Enhancing oxygen permeation through Fe2NiO4–Ce0.8Tb0.2O2−δ composite membranes using porous layers activated with Pr6O11 nanoparticles

Abstract

Fe₂NiO₄–Ce_0.8Tb_0.2O_2−δ (NFO–CTO) composite membranes are of interest to separate oxygen from air. In this study, we investigate the influence of the catalytic activation of NFO–CTO membranes on the oxygen permeation rate. Specifically, the effect of activating porous NFO–CTO layers –coated on both sides of the dense NFO–CTO membrane – with Pr₆O₁₁ nanoparticles is studied. Measurements in the temperature range 850–700 °C revealed a 2–4 fold increase in the oxygen flux after coating a 30 μm-thick porous NFO–CTO layer on both membrane sides, and a 6–12 fold increase relative to the bare membrane after activating the porous layers coated on both sides of the membrane with Pr₆O₁₁ nanoparticles. No degradation of the oxygen fluxes was found in CO₂-containing atmospheres. Pulse isotopic exchange measurements confirmed an increase in the oxygen surface exchange rate of more than one order of magnitude after dispersion of Pr₆O₁₁ nanoparticles on the surface of NFO–CTO composite powders.
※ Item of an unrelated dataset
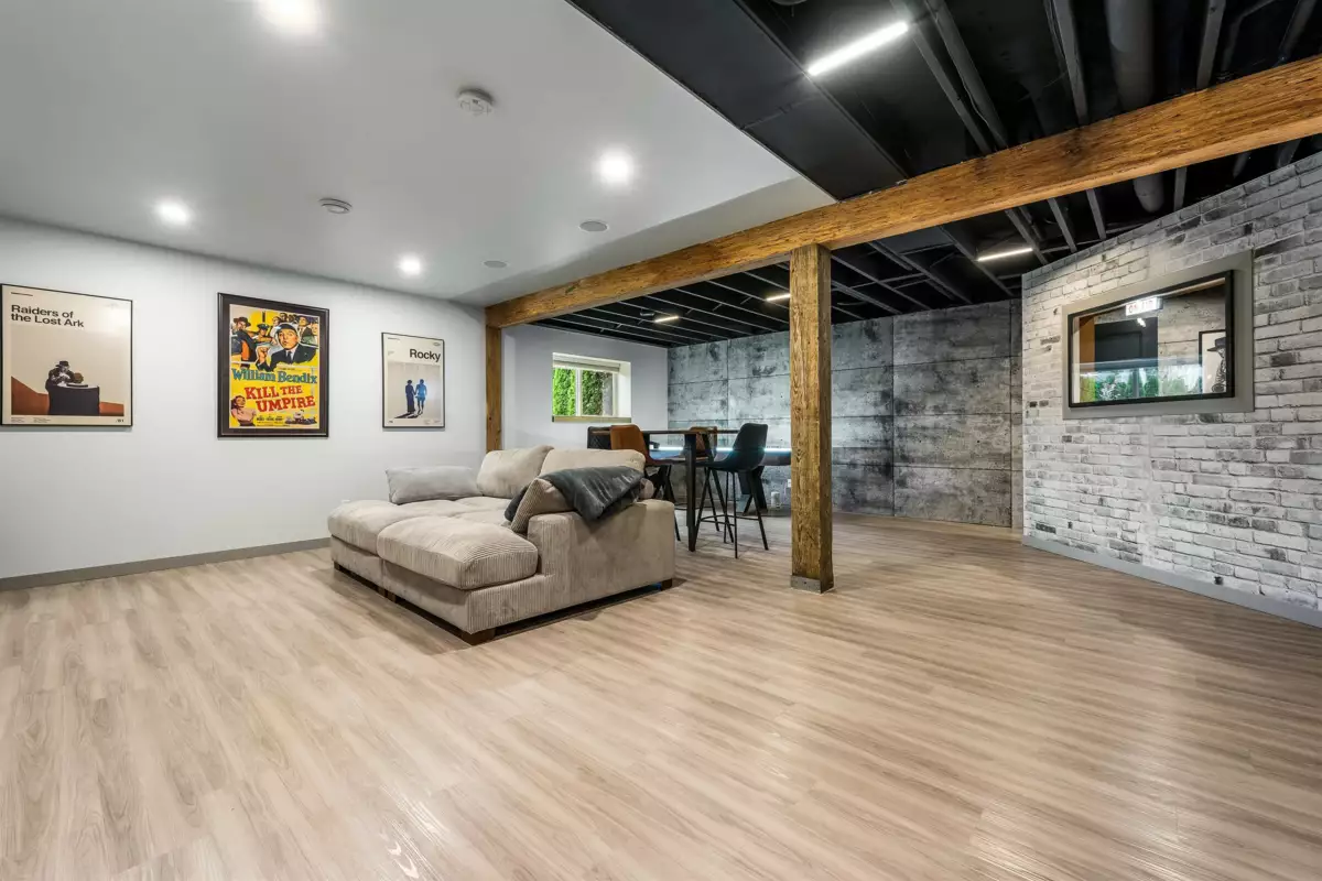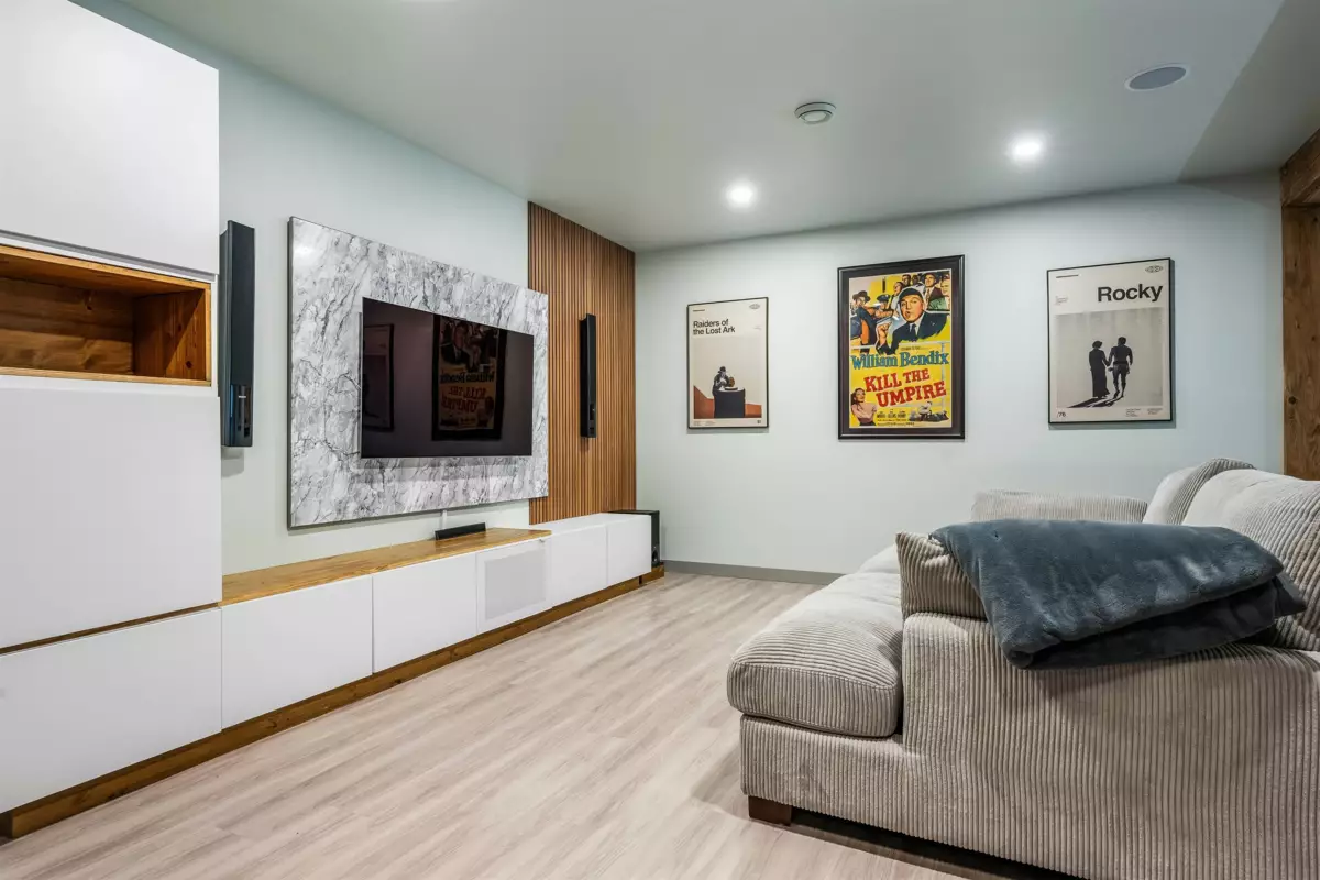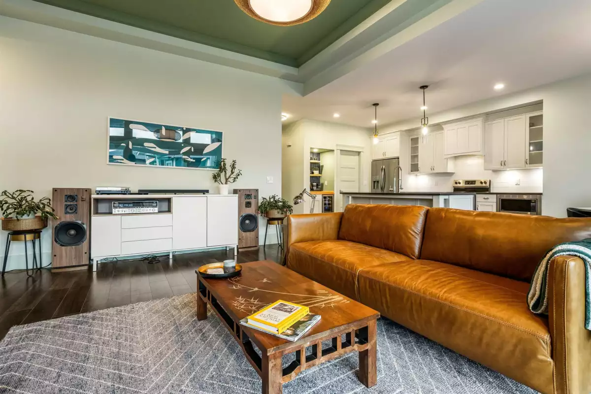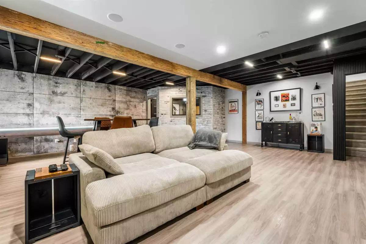 Positioned between Garrison Crossing & District 1881, this home offers great convenience - everything you need w/i minutes! Wake up to mountain sunrises & wind down w/ sunsets on your private, fully landscaped b/y oasis, complete w/ inground sprinklers & gas BBQ hookup. Bonus: the strata takes care of lawn! Inside, the California coastal vibe creates a relaxed, atmosphere. The main-floor primary suite is a serene retreat, featuring a spa-inspired design that invites you to unwind. Downstairs, you'll find a chic Manhattan loft vibe w/ exposed beams, concrete paneling & recessed lighting in the rec/theatre rm, which incls b/i sound & a sound-damped flex space—ideal for musicians, a study or wine vault! 3 bdrms, 3 baths & ample space to add a 4th bdrm down - this house must be seen!

Electrochemical impedance spectroscopy measurements on symmetrical cells, using Gd-doped ceria (CGO) as the electrolyte and Pr₆O₁₁-activated NFO–CTO electrodes, showed a 10-fold decrease in the polarization resistance compared to non-infiltrated electrodes in air. Modification of porous layers by activation with Pr₆O₁₁ nanoparticles is considered a viable route to enhance the oxygen fluxes across composite membranes.